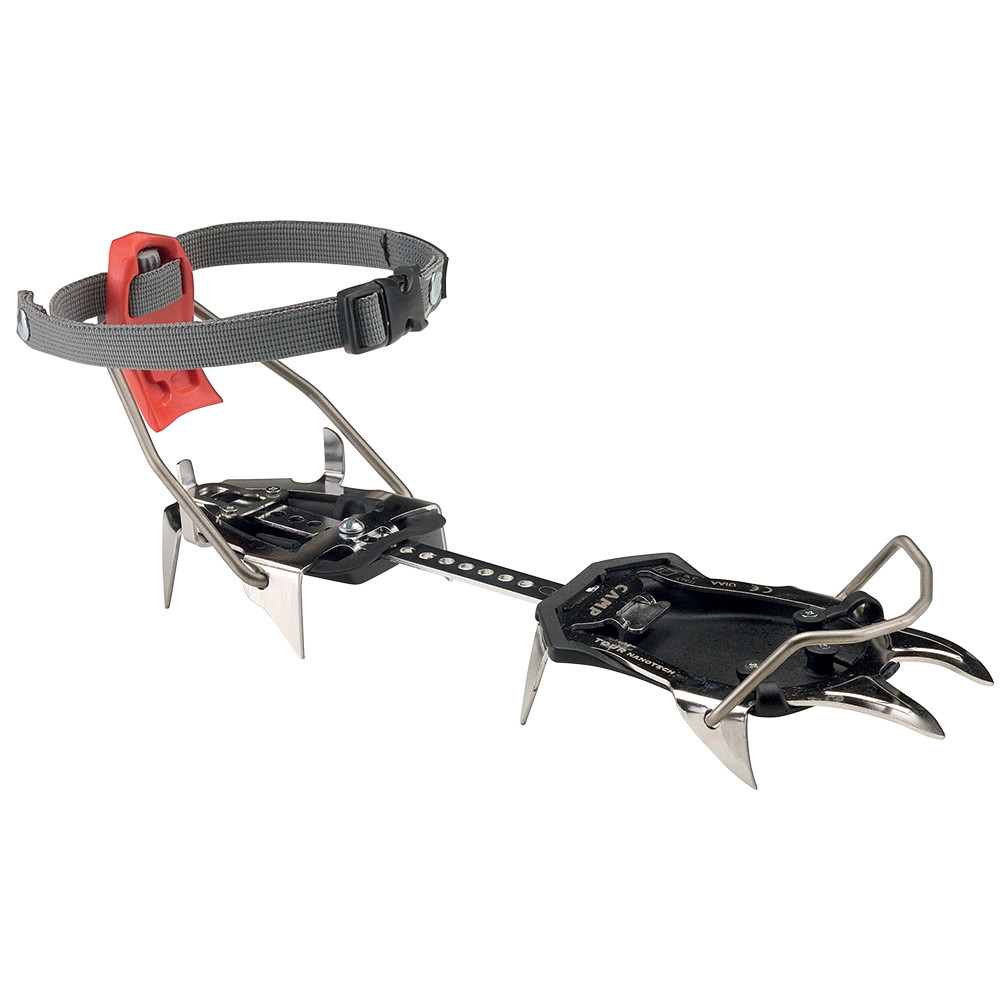 Desať-hrotové mačky Camp vyrobené zo švédskej ocele Sandvik Nanotech. Oceľ Nanotech je o 30% pevnejšia a 20% ľahšia ako bežne používaná CrMo oceľ. Hrúbka plechu je preto len 1,8 mm. Tenšie hroty lepšie vnikajú do ľadu a mačky sú samozrejme aj ľahšie. Automatické upínanie možné nasadiť na horolezecké topánky alebo skialpové lyžiarky. Výborná voľba pre klasický alpinizmus alebo náročnú VHT.
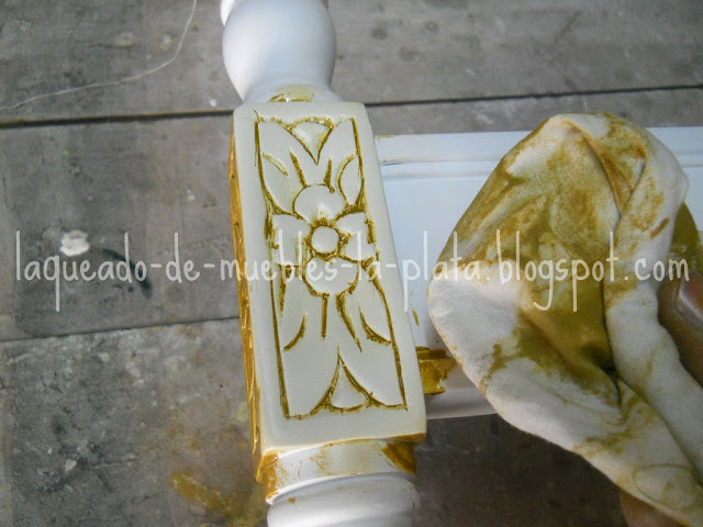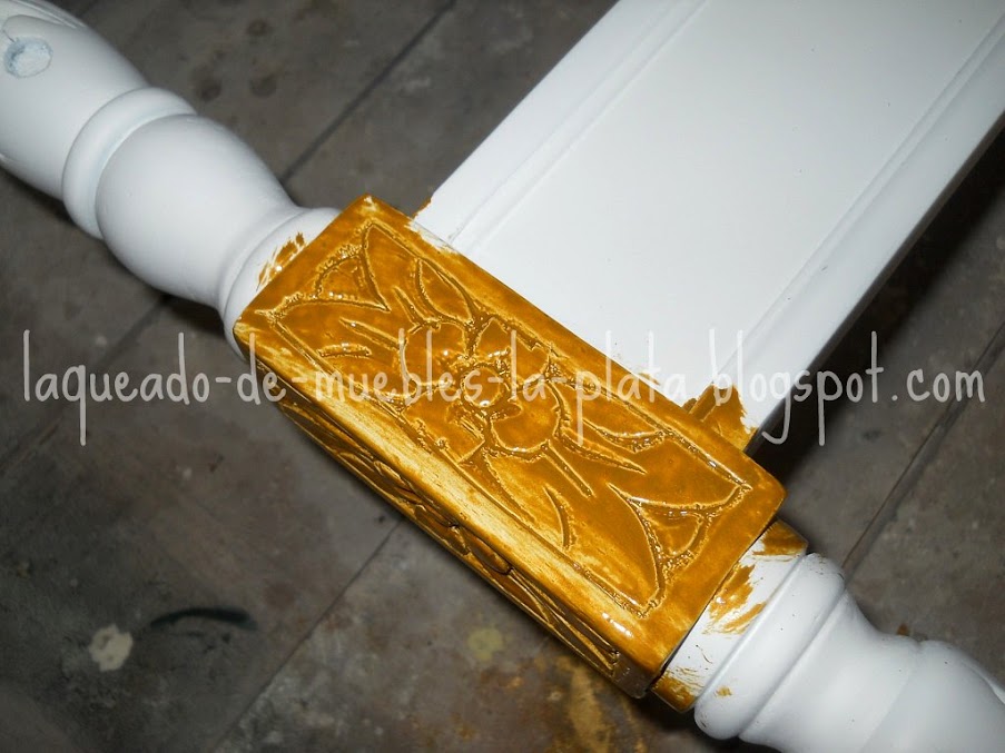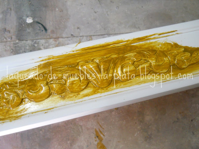 Esto es lo que saqué de hablar en el negocio en mi ciudad, recuerdo que al explicar el tema de la patina me dicen que el esmalte sin diluir agarra bien al blanco bi-capa y luego el poliueretanico lo mismo. Y que si usara algún diluyente sobre la patina se me iban a mesclar las dos pinturas, el blanco y el dorado.
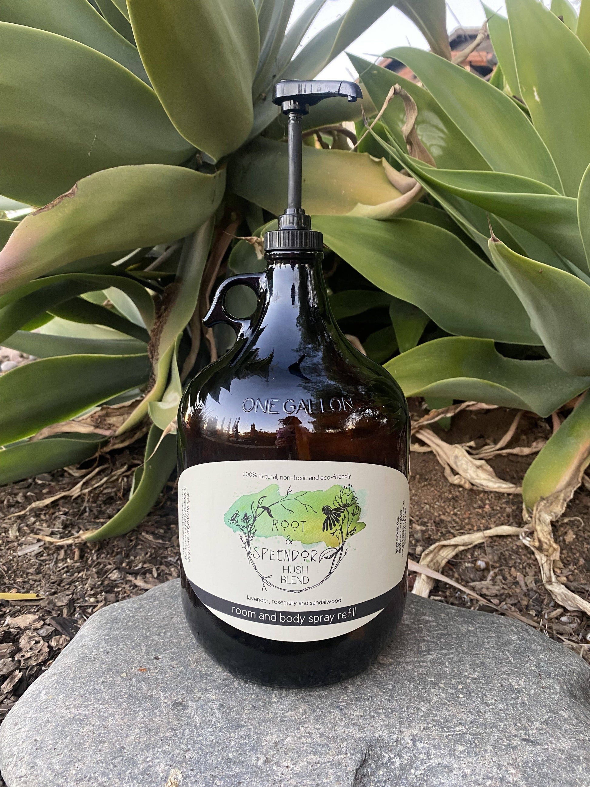 Hush (lavender, rosemary, sandalwood), Our handcrafted room and body sprays are composed of Root and Splendor's blends of pure and natural essential oils, vegetable glycerin, and distilled water. Specifically crafted for wonderful aromas and emotional well-being. Each ingredient is carefully selected for the safety of our health and environment.
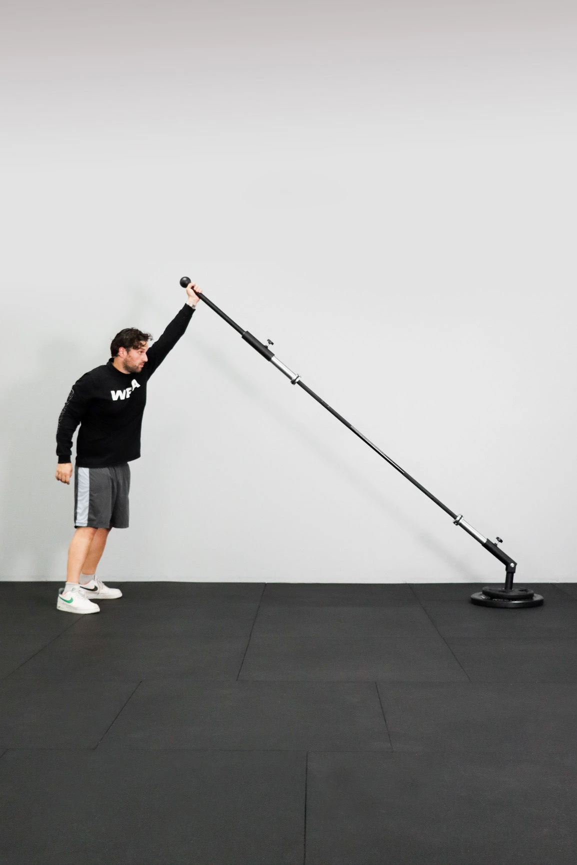 To use the ball grip attachment correctly you first need to secure your barbell into the landmine attachment. Then, add your weight to the other end of the of the bar before securing the ball grip against the weight plates.
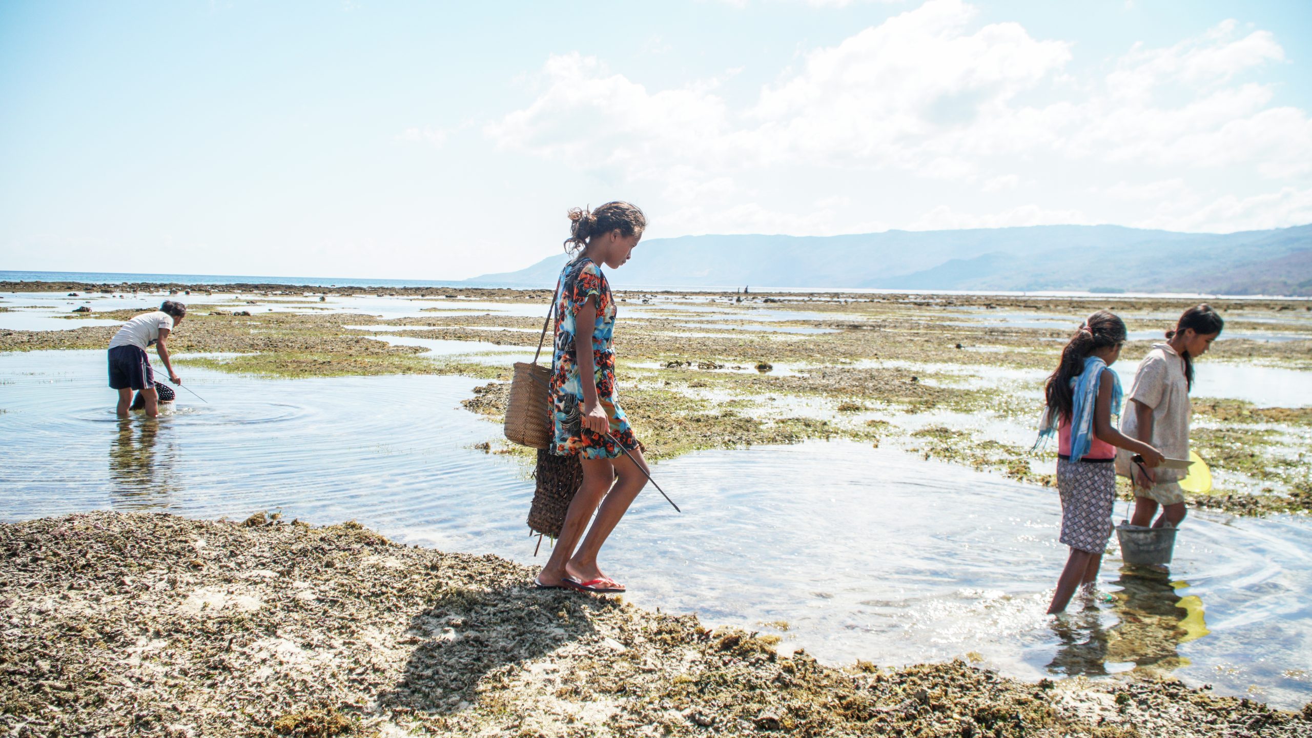 Timorese girls gleaning along the shore. Women and children catch and collect molluscs, crabs, seaweed, fish and octopi found in the intertidal zones, mangroves and other shallow habitats at low tide. Photo Credit: J. Dos Reis Lopes / WorldFish
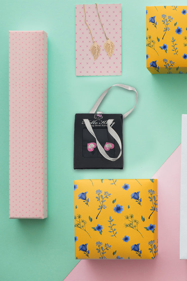 Hello Kitty 925 Original Sterling Silver Range Pink Enamel Heart Shaped Earrings
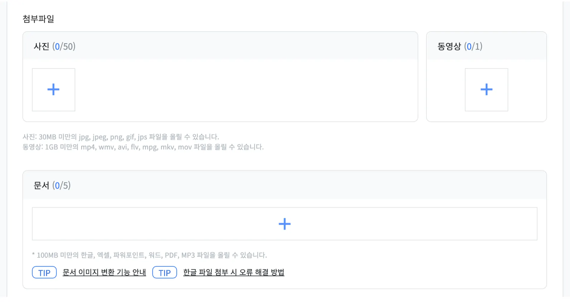 - 첨부파일 개수 : 사진 최대 50장, 동영상 1개, 문서 최대 5개 (단, 동영상과 동시 업로드 시 사진은 최대 49장까지 업로드 가능)
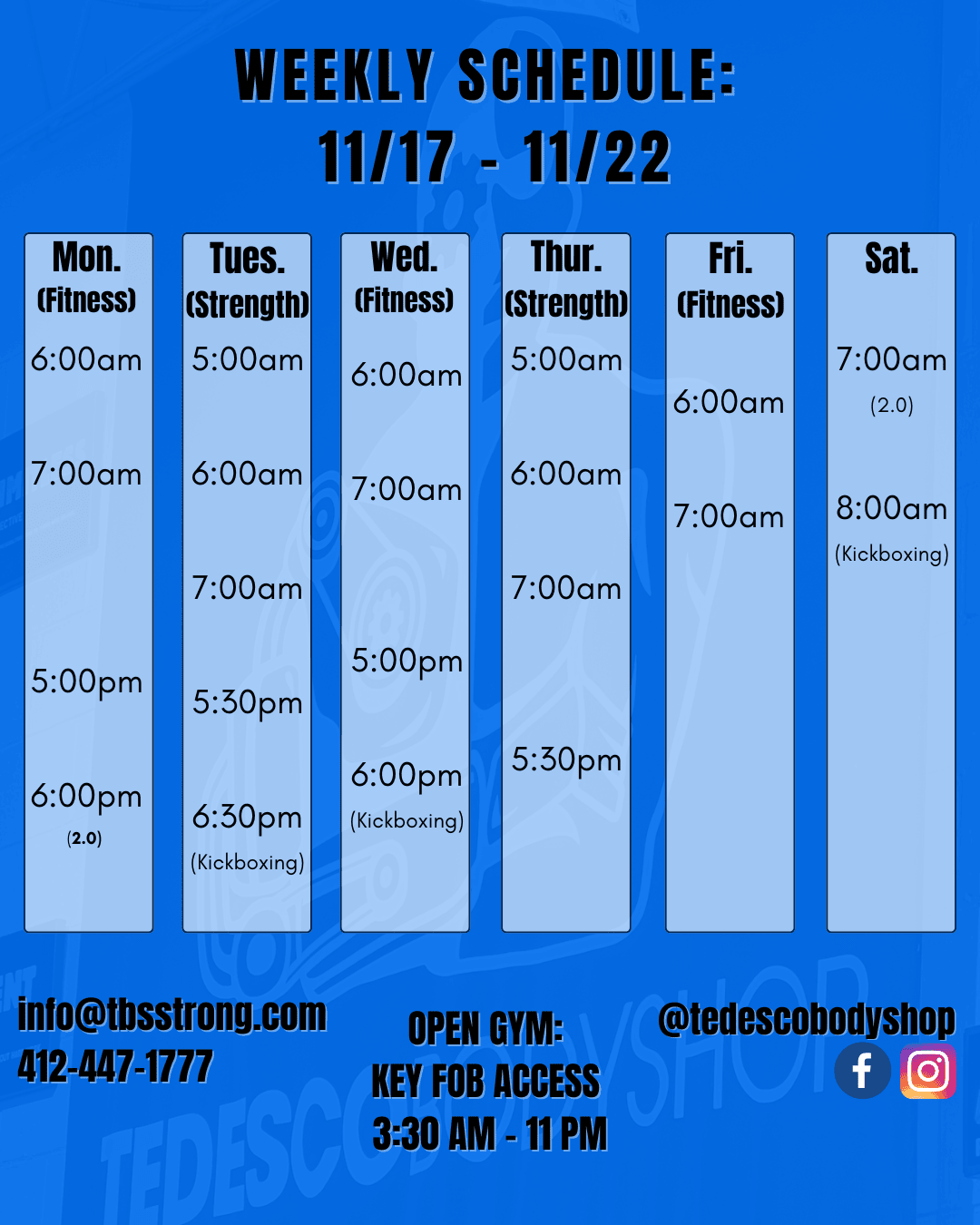 Most up to date schedules are posted to Facebook and Instagram every Sunday.

• • • • •

» TASK REQUIREMENTS
Restate each line of the material word for word, skipping any picture.

» RESULT OF THE EXERCISE
 Desať-hrotové mačky Camp vyrobené zo švédskej ocele Sandvik Nanotech. Oceľ Nanotech je o 30% pevnejšia a 20% ľahšia ako bežne používaná CrMo oceľ. Hrúbka plechu je preto len 1,8 mm. Tenšie hroty lepšie vnikajú do ľadu a mačky sú samozrejme aj ľahšie. Automatické upínanie možné nasadiť na horolezecké topánky alebo skialpové lyžiarky. Výborná voľba pre klasický alpinizmus alebo náročnú VHT.
 Esto es lo que saqué de hablar en el negocio en mi ciudad, recuerdo que al explicar el tema de la patina me dicen que el esmalte sin diluir agarra bien al blanco bi-capa y luego el poliueretanico lo mismo. Y que si usara algún diluyente sobre la patina se me iban a mesclar las dos pinturas, el blanco y el dorado.
 Hush (lavender, rosemary, sandalwood), Our handcrafted room and body sprays are composed of Root and Splendor's blends of pure and natural essential oils, vegetable glycerin, and distilled water. Specifically crafted for wonderful aromas and emotional well-being. Each ingredient is carefully selected for the safety of our health and environment.
 To use the ball grip attachment correctly you first need to secure your barbell into the landmine attachment. Then, add your weight to the other end of the of the bar before securing the ball grip against the weight plates.
 Timorese girls gleaning along the shore. Women and children catch and collect molluscs, crabs, seaweed, fish and octopi found in the intertidal zones, mangroves and other shallow habitats at low tide. Photo Credit: J. Dos Reis Lopes / WorldFish
 Hello Kitty 925 Original Sterling Silver Range Pink Enamel Heart Shaped Earrings
 - 첨부파일 개수 : 사진 최대 50장, 동영상 1개, 문서 최대 5개 (단, 동영상과 동시 업로드 시 사진은 최대 49장까지 업로드 가능)
 Most up to date schedules are posted to Facebook and Instagram every Sunday.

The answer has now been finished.